━━ Data shown ━━

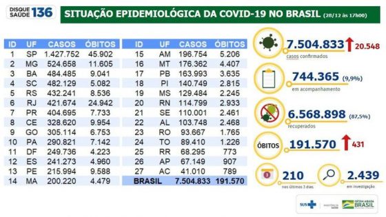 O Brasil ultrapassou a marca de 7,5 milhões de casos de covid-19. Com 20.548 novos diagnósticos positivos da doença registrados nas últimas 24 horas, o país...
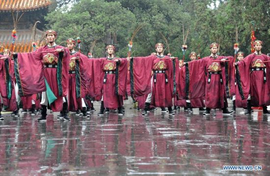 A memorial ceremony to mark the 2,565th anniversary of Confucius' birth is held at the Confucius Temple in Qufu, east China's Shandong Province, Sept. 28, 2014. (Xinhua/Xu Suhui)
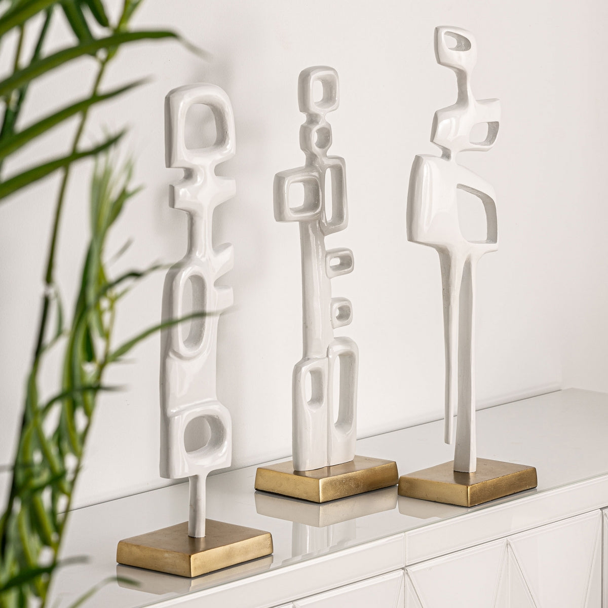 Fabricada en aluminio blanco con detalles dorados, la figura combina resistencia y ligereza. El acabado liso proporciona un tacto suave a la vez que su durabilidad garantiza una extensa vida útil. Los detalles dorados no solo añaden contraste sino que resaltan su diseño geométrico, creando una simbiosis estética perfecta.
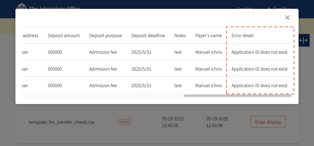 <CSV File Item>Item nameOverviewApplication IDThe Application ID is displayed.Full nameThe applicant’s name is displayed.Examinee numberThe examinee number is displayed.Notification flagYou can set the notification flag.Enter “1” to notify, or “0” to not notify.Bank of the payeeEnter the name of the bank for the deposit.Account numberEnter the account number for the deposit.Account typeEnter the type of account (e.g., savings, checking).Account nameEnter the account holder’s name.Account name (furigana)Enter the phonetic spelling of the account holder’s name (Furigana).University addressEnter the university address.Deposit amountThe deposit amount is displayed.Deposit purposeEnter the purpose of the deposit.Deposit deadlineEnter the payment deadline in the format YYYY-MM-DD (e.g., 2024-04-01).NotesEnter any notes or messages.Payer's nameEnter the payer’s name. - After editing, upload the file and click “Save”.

━━━

# Your objective
Take the lines from the start of the material to the line with "A memorial ceremony", both included, and transcribe them exactly without the pictures.

# Exercise result
 O Brasil ultrapassou a marca de 7,5 milhões de casos de covid-19. Com 20.548 novos diagnósticos positivos da doença registrados nas últimas 24 horas, o país...
 A memorial ceremony to mark the 2,565th anniversary of Confucius' birth is held at the Confucius Temple in Qufu, east China's Shandong Province, Sept. 28, 2014. (Xinhua/Xu Suhui)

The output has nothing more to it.